Desconto por cronologia desnecessária para o argumento do enredo? Nenhum. Desvio dos limites dos critérios de julgamento? Nenhum. Perda de décimo por falta de beleza plástica? Também não passou perto do caderno deste ano. Aliás, quanto a este último ponto ele ainda ressaltou para a Beija-Flor que a última alegoria não passou a mensagem pretendida apesar das belíssimas soluções visuais.
De resto, ótimas e longas justificativas deixando claro os problemas vistos. Alguns fáceis e simples, como o erro de localização da ala do massacre do Haximu no Salgueiro que destoa totalmente do resto do setor sobre a cultura Yanomami e deveria estar no setor anterior sobre o garimpo ou a estranha coloração azul dada às folhas da Porto da Pedra na ala 19 que comprometia o entendimento de serem folhas. Outras um pouquinho mais elaboradas, como o desequilíbrio conceitual entre o início real e o meio/fim metafórico da Mocidade sem uma transição adequada.
Meu único porém a este ótimo caderno fica quanto ao desconto de concepção do Tuiuti, mesmo que a principal culpa seja da escola e não do Johnny. Segundo o julgador, “Retira-se 1 décimo pela inconsistência e incoerência da ala 7 (‘Cisne Branco’). Embora se aceite a existência de um hino da Marinha conhecido como ‘Cisne Branco’, não parece coerente – em um enredo que critica a escravidão, as desigualdades e violências sofridas por negros escravizados e de seus descendentes – a utilização de um signo como o ‘Cisne Branco’ que parece reforçar o racismo estrutural”
O ‘Cisne Branco’, enquanto símbolo relacionado à instituição militar ‘Marinha do Brasil’ (que no enredo é associada a práticas violentas no sec. XX) não parece ser a melhor escolha para ser aludida à transformação do homenageado. Ainda que João Cândido fosse marinheiro, neste enredo ele não poderia ser referenciado como um ‘Cisne Branco’, pois tal imagem mais confunde do que faz um contraponto à ideia de um ‘Netuno Negro’”.

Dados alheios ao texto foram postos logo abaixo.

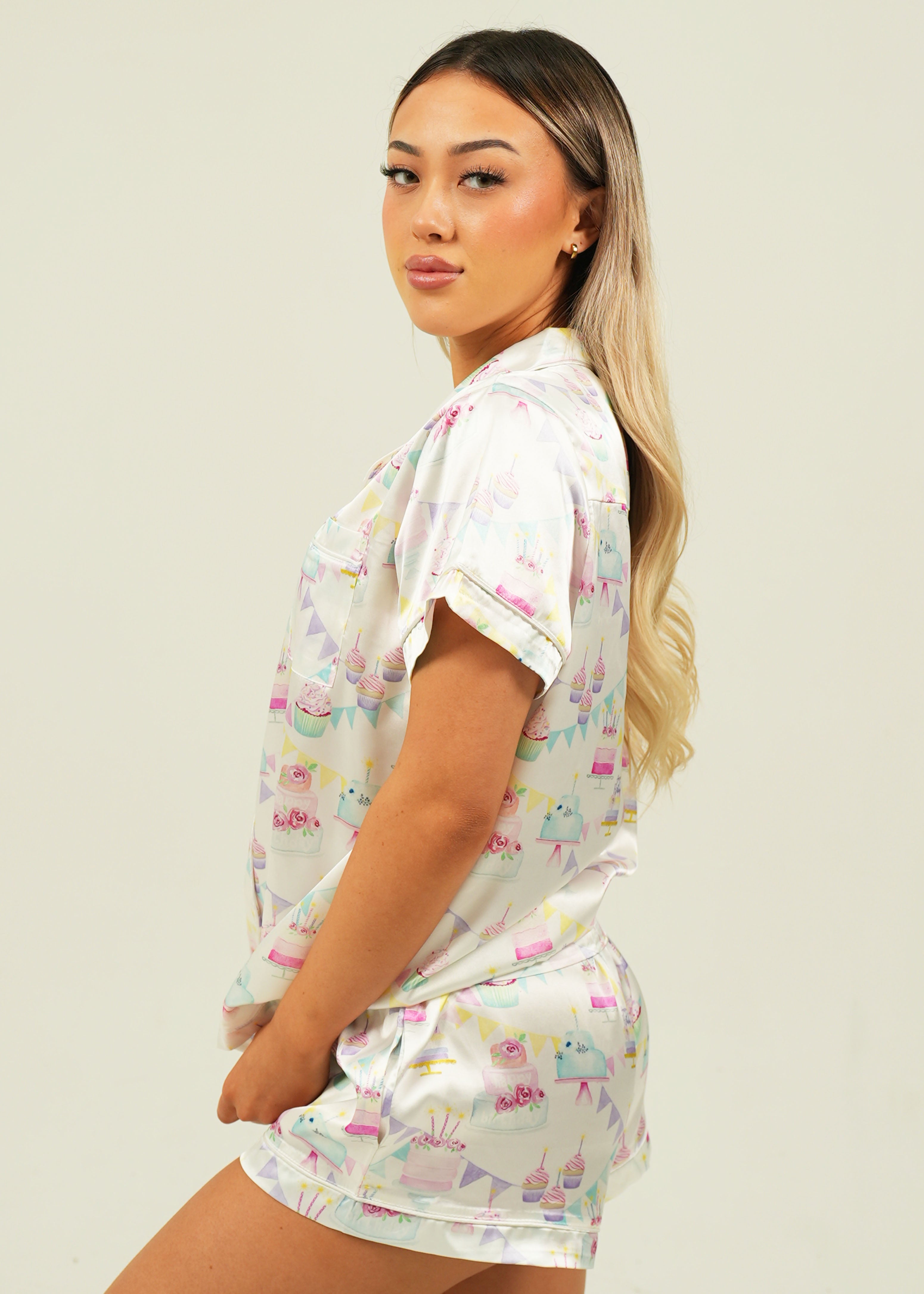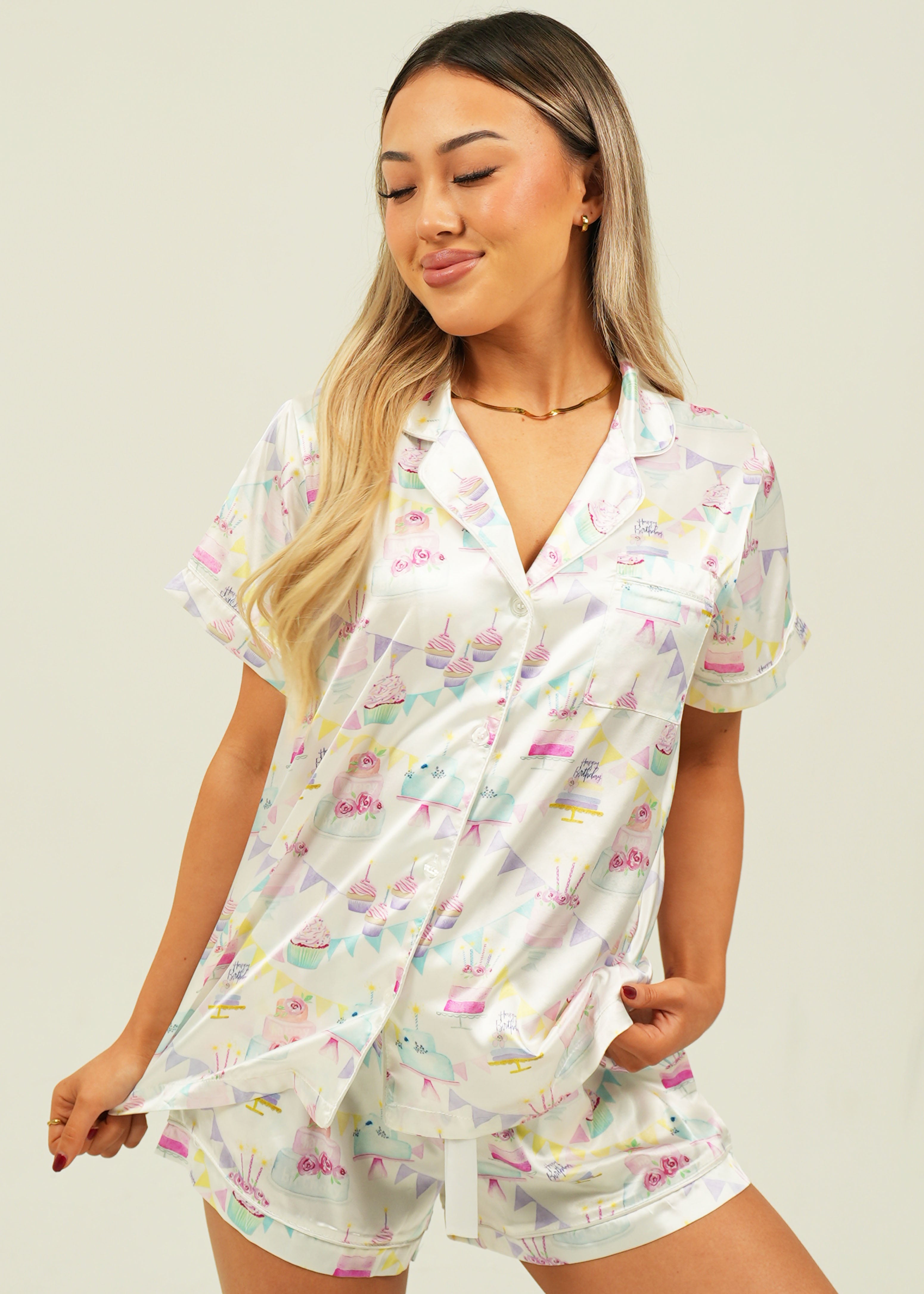 Celebrate in style with our festive Satin Birthday Pajamas. Whether on your special day or just for fun, our Birthday set will make every moment a little brighter. Lovingly detailed with deep pockets, adorable buttons, and an extra stretchy drawstring waistband for the ultimate comfort experience.

A primeira vista parece uma justificativa muito apropriada. Mas, e se acrescentarmos que a ala representa o início da instrução de João Cândido na Marinha e a canção Cisne Branco foi composta por um oficial-aprendiz assim que saiu do barco de instrução da Marinha da época do João Cândido, o cruzador Benjamin Constant – e fala justamente da saudade que ele sentia da viagem de instrução e que com o sucesso da canção, o barco acabou ganhando o apelido de Cisne Branco?
Com toda essa explicação, a ala passa a fazer sentido e a justificativa perde força, concordam? O problema é que nem o próprio Tuiuti explicou isso no Livro Abre-Alas. Dessa forma, por mais pesquisa que o julgador faça, ele também não é enciclopédia. Se a escola não explica, fica difícil. Eu mesmo só conheço essa história por um capítulo muito específico da minha vida.
Módulo 2
Julgadora: Carolina Vieira Thomaz
- Porto da Pedra – 9,8 (concepção 4,9 e realização 4,9)
- Beija-Flor – 9,8 (concepção 4,9 e realização 4,9)
- Salgueiro – 9,9 (realização 4,9)
- Grande Rio – 9,7 (concepção 4,7)
- U. da Tijuca – 9,6 (concepção 4,7 e realização 4,9)
- Imperatriz – 9,9 (concepção 4,9)
- Mocidade – 9,8 (concepção 4,9 e realização 4,9)
- Portela – 10
- Vila Isabel – 10
- Mangueira – 9,9 (realização 4,9)
- Tuiuti – 9,9 (realização 4,9)
- Viradouro – 9,9 (concepção 4,9)
Em seus dois anos anteriores, Carolina apresentou dois ótimos cadernos. Porém neste ano, ainda que tenha sido um bom caderno, senti oscilações nas justificativas apresentadas, por mais que o caderno tenha trazido uma distribuição de notas no mesmo nível de rigor anterior, refletindo de forma geral o que vimos na pista com apenas duas notas 10 após outro péssimo ano do quesito Enredo.
Como sempre, é notório que ela estudou e pesquisou os enredos, mas neste ano fiquei com a impressão que algumas justificativas tangenciavam o problema existente mas não lograram por explicar totalmente o cerne do mesmo, com redações que parecem refletir uma finalização abrupta, deixando lacunas de informação e compreensão.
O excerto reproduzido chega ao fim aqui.